> _Problem description_: Output only the lines below from the one holding "一共62种,其中1~31是非" down to the one holding "В миске смешайте", both end lines included and every picture dropped.

> _Data shown_:
——————
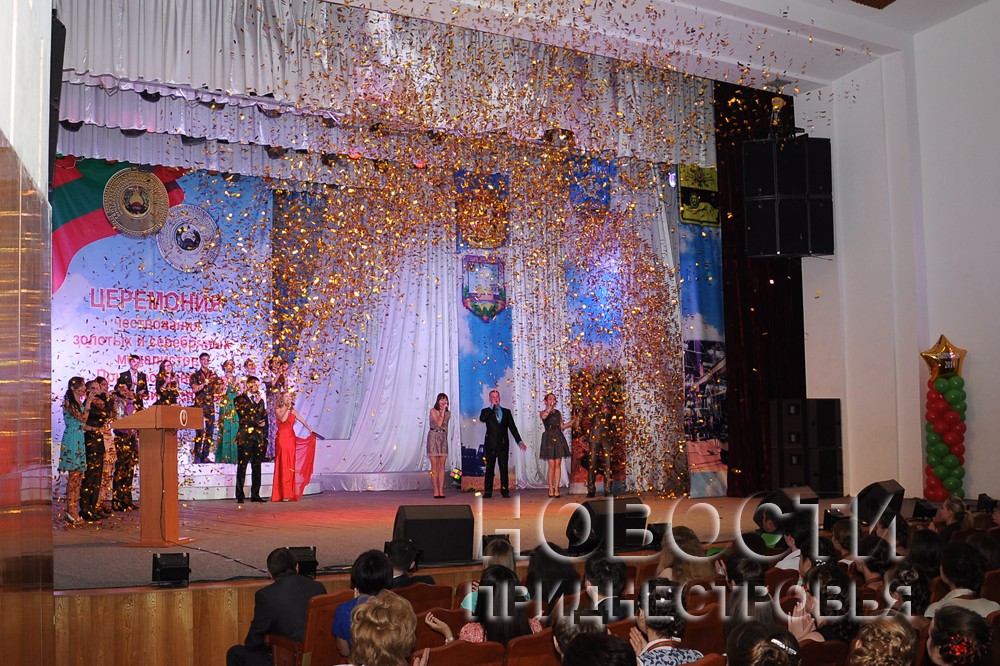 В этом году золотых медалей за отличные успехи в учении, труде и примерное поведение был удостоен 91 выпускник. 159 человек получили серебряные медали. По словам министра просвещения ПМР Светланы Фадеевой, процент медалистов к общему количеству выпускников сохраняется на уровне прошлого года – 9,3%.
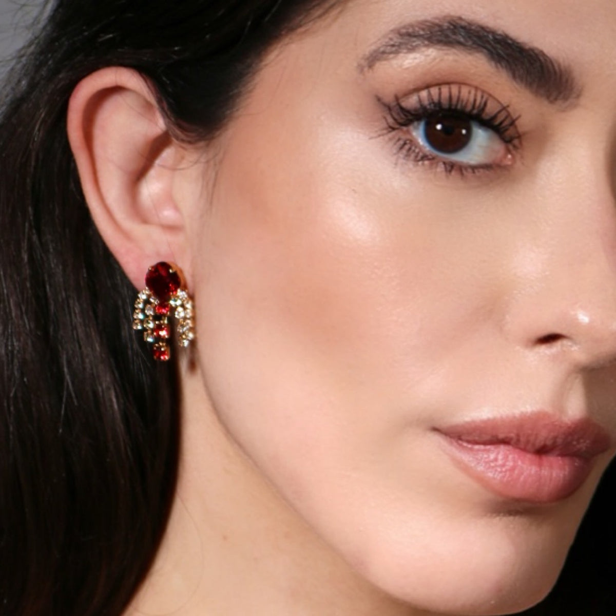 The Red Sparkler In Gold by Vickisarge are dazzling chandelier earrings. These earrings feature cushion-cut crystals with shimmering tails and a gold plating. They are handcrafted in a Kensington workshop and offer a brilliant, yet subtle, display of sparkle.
——————
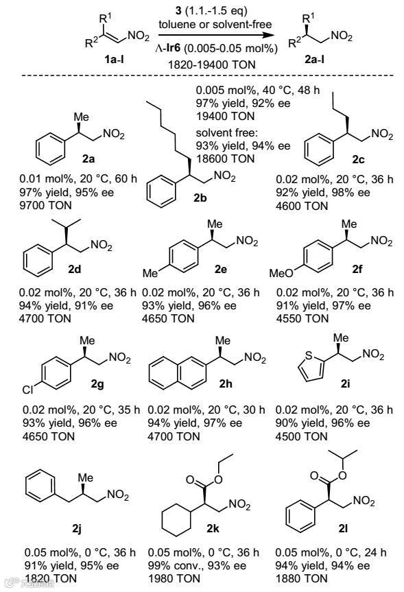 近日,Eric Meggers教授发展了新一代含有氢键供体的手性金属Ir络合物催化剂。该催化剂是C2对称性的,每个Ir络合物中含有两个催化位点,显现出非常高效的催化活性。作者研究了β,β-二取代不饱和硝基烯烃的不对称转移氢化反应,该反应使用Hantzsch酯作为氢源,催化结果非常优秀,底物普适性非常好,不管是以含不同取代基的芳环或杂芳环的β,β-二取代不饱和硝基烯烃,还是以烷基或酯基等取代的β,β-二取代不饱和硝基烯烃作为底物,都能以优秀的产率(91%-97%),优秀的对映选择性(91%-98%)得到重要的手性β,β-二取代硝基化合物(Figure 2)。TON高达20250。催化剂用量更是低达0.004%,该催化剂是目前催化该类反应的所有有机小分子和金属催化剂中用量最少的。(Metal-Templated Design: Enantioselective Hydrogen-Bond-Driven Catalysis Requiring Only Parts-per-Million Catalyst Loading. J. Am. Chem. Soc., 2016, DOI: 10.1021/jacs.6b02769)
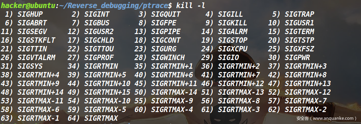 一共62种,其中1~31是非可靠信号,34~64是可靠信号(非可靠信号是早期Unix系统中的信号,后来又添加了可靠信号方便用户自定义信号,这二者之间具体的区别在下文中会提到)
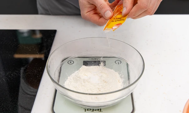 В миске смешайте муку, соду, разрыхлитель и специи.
——————
> _Answer box_:
 一共62种,其中1~31是非可靠信号,34~64是可靠信号(非可靠信号是早期Unix系统中的信号,后来又添加了可靠信号方便用户自定义信号,这二者之间具体的区别在下文中会提到)
 В миске смешайте муку, соду, разрыхлитель и специи.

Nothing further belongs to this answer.